1. The plaintiff in S.C.S. No. 61 of 1945 on the file of the District Munsiff's Court, Kulitalai, applies to revise the order of the learned District Munsiff dismissing his suit brought for recovery of Rs. 209-8-0 from the respondent. The respondent borrowed from one Nallvangalammal a sum of Rs. 100 on 2nd May, 1940 and a sum of Rs. 90 on the 24th July, 1940 agreeing to pay the amounts with interest at six per cent. per annum. Nallvangalammal died and the plaintiff claimed to be her heir and though this fact was not admitted, it is not necessary any longer to deal with this objection because the plaintiff obtained a succession certificate in respect of the suit claim.
2. In the plaint it was alleged that those two loans were evidenced by two documents described as hand-letters. They were admittedly unstamped. It appears that before the trial stamp duty and penalty were levied by the Court on the footing that they were bonds.
3. The defendant admitted the execution of the two documents, but pleaded that in substitution of his liability under them he had executed a promissory note-on 29th April, 1944, and had made payments towards the promissory note and there was only a sum of Rs. 40 still payable for the principal of the loan and interest.
4. At the trial neither party let in any evidence. The defendant apparently gave up his plea in defence, the onus of establishing which certainly lay on him; but the defendant raised the contention that the suit was not sustainable on the two documents because they were inadmissible in evidence for any purpose as they were unstamped. The learned District Munsiff agreed with this contention and dismissed the suit.
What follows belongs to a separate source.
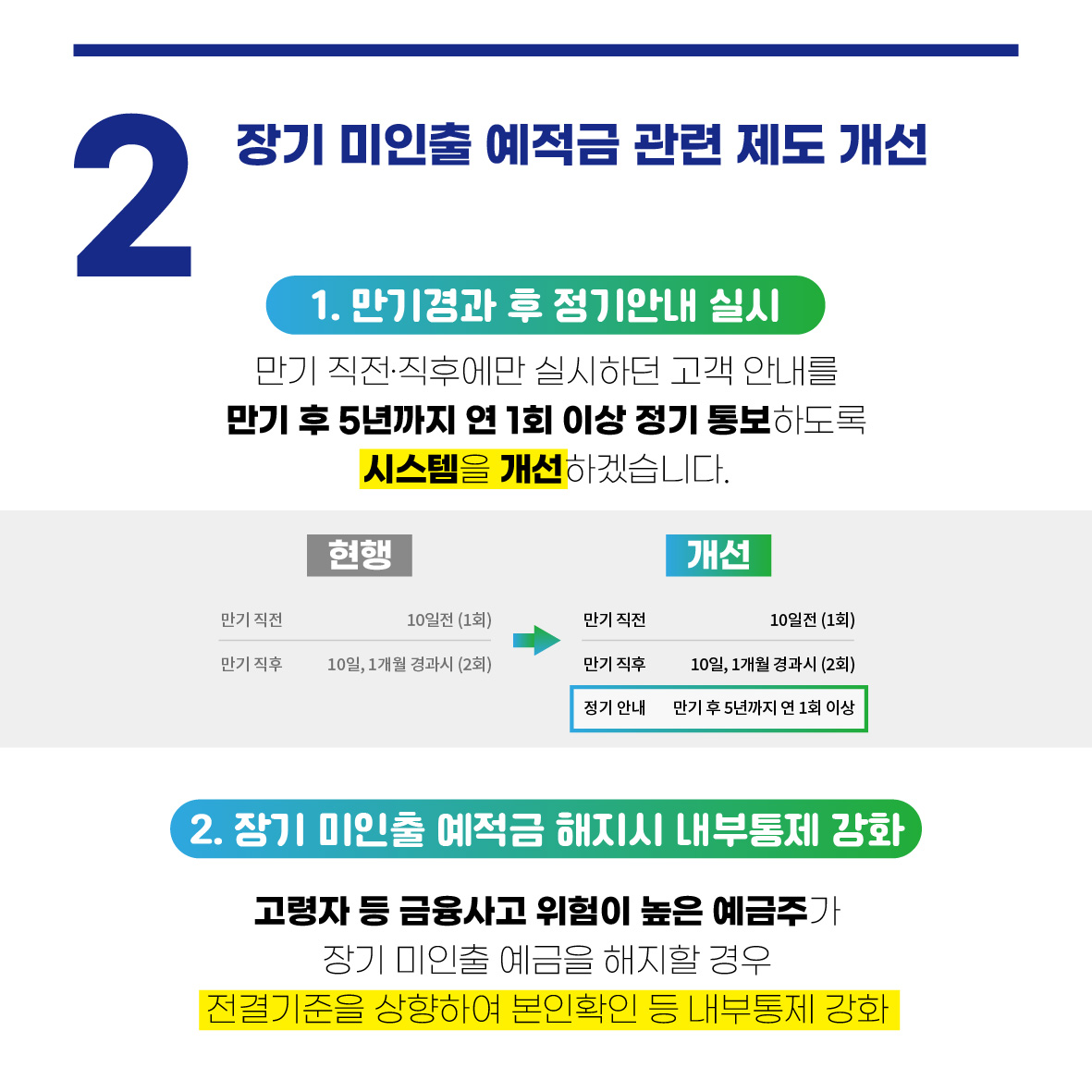 9월 5일부터 10월 7일 약 4주간 5개 상호금융 중앙회 (신협, 농협, 수협, 산림, 새마을금고) 공동으로 「장기 미인출 예·적금 찾아주기 캠페인」을 실시합니다. 만기 후 1년 이상 미거래 예·적금을 보유한 분들에게 문자 또는 이메일 등을 통해 개별 안내를 드립니다.

5. It is not necessary for me to decide as to the exact nature of these two documents to determine whether they are admissible in evidence. Assuming that these two documents could not have been legally admitted in evidence, nevertheless it is contended for the petitioner by Mr. M.S. Vaidhyanatha Aiyar, and I agree with his contention, that as the defendant had admitted the execution of the documents and had only pleaded a substitution of liability by the execution of another promissory note and a partial discharge towards it, there was no necessity for the plaintiff to adduce proof of his claim by seeking to get the two documents admitted in evidence. In other words the plaintiff will be entitled to a decree on the failure of the defendant to make the pleas set up by him in defence. The contention of the petitioner is supported by the observations of Ananthakrishna Ayyar, J., in Alimane Sahiba v. Subbarayudu : AIR1932Mad693 with which I respectfully agree. The learned Judge therein points out after referring to the provisions of Section 58 of the Evidence Act that when the fact of an execution of a document is admitted it need not be proved and this would be so even when the document in question is not admissible on account of any provision of the Stamp Act.
6. I therefore set aside the decree of the learned District Munsiff dismissing the suit. There will be a decree in favour of the plaintiff for the amount claimed with costs. The petitioner will also be entitled to costs in this revision petition from the respondent.